After the Great Depression struck, Webster’s ex-husband reneged on his alimony, so she took him to the New York State Supreme Court. When she disagreed with the ruling, she barged into the Justice’s courtroom during another trial to demand a new hearing.
Meanwhile, she’d married Hugh Webster of Vermont, who portrayed himself as a successful businessman. The two bought a house in Phoenix’s Arcadia area, possibly because her adopted daughter had tuberculosis. They split their time between Arizona, where they bought and sold land, and Vermont, where Webster threw society soirées. But if Hugh thought Webster would stand for him stealing her money to pay off debts to his ex-wife and ex-girlfriends, he was mistaken. She divorced him in 1928.
A few years later, the single mother returned to Phoenix from a trip to Switzerland carrying rare cacti. When she inquired how to care for them, she was directed to what is now Old Town Scottsdale, down a lane where signs proclaimed “Save the Desert,” to the horticultural haven of Gustaf Starck.
As a boy in Sweden, Starck was obsessed with desert plants, which his navy captain father brought home from voyages.

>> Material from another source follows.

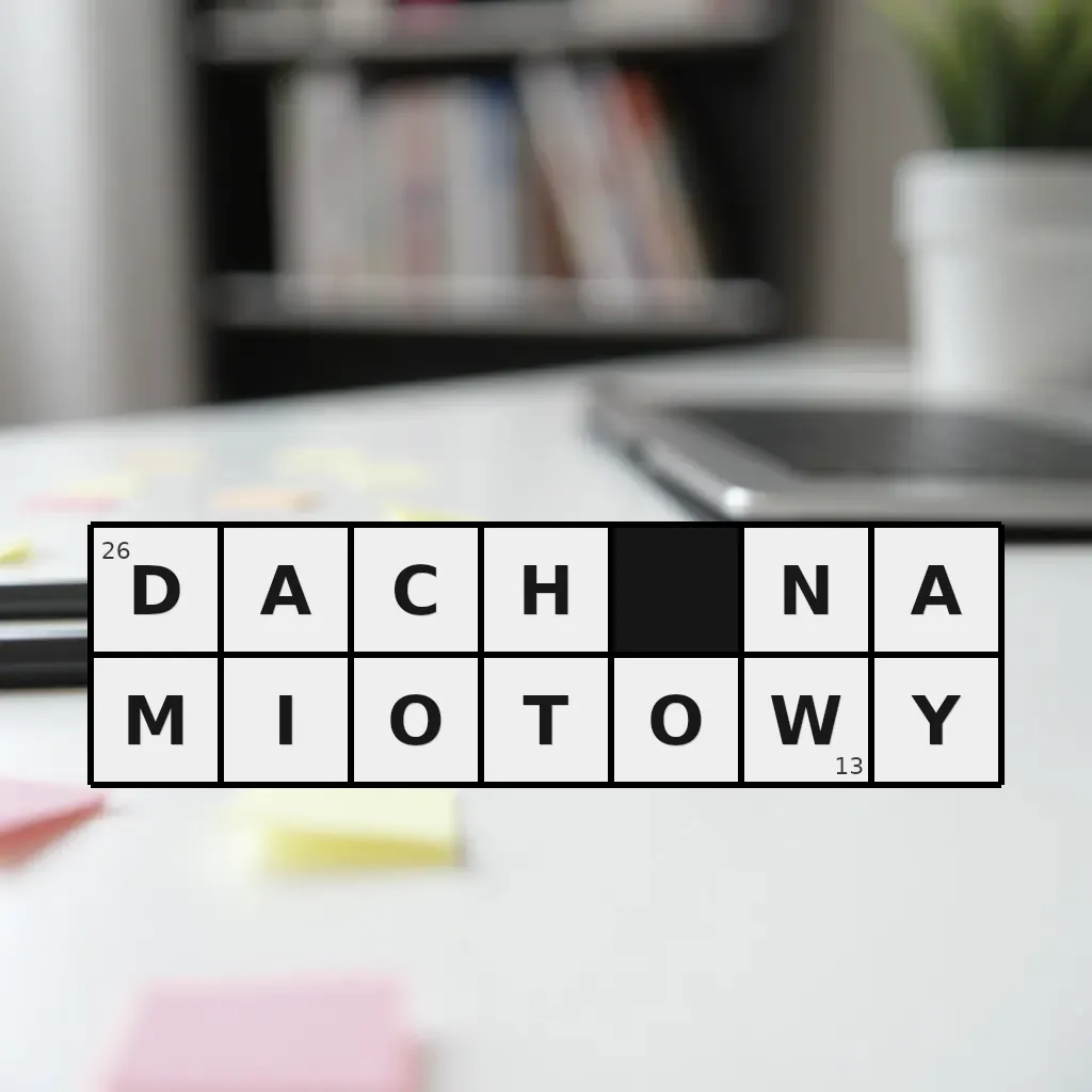 Słowo „dach namiotowy” ma 13 znaków (bez spacji i łączników).

He became an engineer and immigrated to the U.S. Midwest and then to Arizona, where he worked for Salt River Project. In 1934, he founded the Arizona Cactus and Native Flora Society (ACNFS) for one purpose: to establish a desert botanical garden. But the 16 members had made slow progress. When Starck met Webster, he quickly realized this force of nature – a haboob in pearls – could get the garden rolling. He made her ACNFS president. Soon she was inviting politicians, publishers and businesspeople to hear talks about yuccas, view her night-blooming cereus and get an earful about why Phoenix needed a botanical attraction.
Unfortunately, neither the public nor politicians were sold on the idea. Transplants from cooler climes were perfectly happy to replace the world’s most biodiverse desert with Stepford-perfect squares of grass. The chosen site for the garden, Papago Park, had once been a national monument, but people rampantly stole its saguaros and painted advertisements on the rocks. Then local lawmakers voted to demote it so they could develop recreation sites, a workers’ camp and fish hatcheries.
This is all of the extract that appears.